L0 Runtime Events (passthrough)

All L0 events are forwarded to L1 as-is:

Category	Events
Session	`SESSION_START`, `SESSION_END`
Retry	`RETRY_START`, `RETRY_ATTEMPT`, `RETRY_END`
Fallback	`FALLBACK_START`, `FALLBACK_MODEL_SELECTED`, `FALLBACK_END`
Guardrail	`GUARDRAIL_PHASE_START`, `GUARDRAIL_PHASE_END`
Timeout	`TIMEOUT_START`, `TIMEOUT_RESET`, `TIMEOUT_TRIGGERED`
Network	`NETWORK_ERROR`, `NETWORK_RECOVERY`, `CONNECTION_DROPPED`
Tools	`TOOL_REQUESTED`, `TOOL_START`, `TOOL_RESULT`, `TOOL_COMPLETED`
Checkpoint	`CHECKPOINT_SAVED`, `RESUME_START`

Full event reference in API.md.

Authentication

Ephemeral HMAC-SHA256 tokens. Generated by L1, validated once, never stored.

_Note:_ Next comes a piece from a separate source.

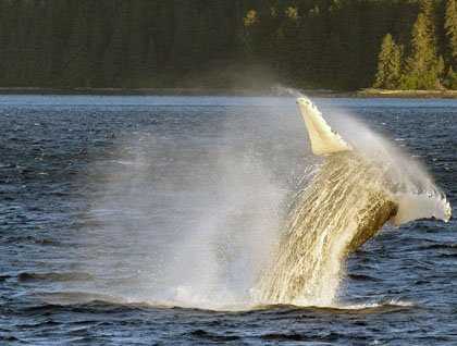 During the evening hours, the National Geographic Sea Lion made her way northwards and then west out through Frederick Sound and into Chatham Strait. Winds were predicted to be 20 to 25 knots. As the National Geographic Sea Lion entered Chatham Strait those winds hit hard as she made her way slowly towards our morning anchorage.  At some point in the night, our expedition leader was on the bridge and plans were changed to find shelter. As daylight crested, the bow of the ship was headed into Peril Strait, as we made our way towards Saook Bay.  Naturalists were on the bow with the sunrise when a breaching humpback whale was spotted!  At 6:30am a ship wide call went out and very soon the bow of the Sea Lion was filled with anxious whale watchers.  The whale continued to breach in the early morning magic light, providing a fabulous start to our day. Again and again we watched as this animal soared into the air displaying its long pectoral flippers, water falling away in the high winds. The ship was expertly maneuvered in wind and chop for wonderful views of breaching and finally tale lobbing as the whale began to slow down to just surfacing for long breaths of air. Long before breakfast, we were already enjoying sightings beyond belief!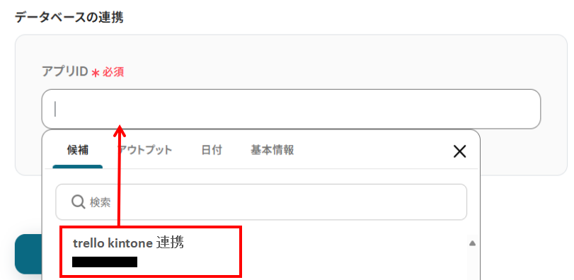 入力欄をクリックすると下記画像のように候補が表示されますので、先ほど作成したkintoneアプリを選択します。

token = HMAC-SHA256(L0_AUTH_SECRET, "task_id|issued_at|ttl")  →  base64

Freshness: now - issued_at < ttl
Clock skew: 5-second tolerance
Dev mode: If L0_AUTH_SECRET is unset, signature check is skipped

Backpressure

TASK_SUBMIT → slot available? → TASK_ACCEPTED → execute
                    ↓ no
                 silence (L1 infers rejection)

No queue. No buffering. No rejection event. Duplicate task_id while in-flight → silence.

Replay

Re-emits recorded events without re-execution. In-memory event store (lost on restart) with optional FIFO eviction.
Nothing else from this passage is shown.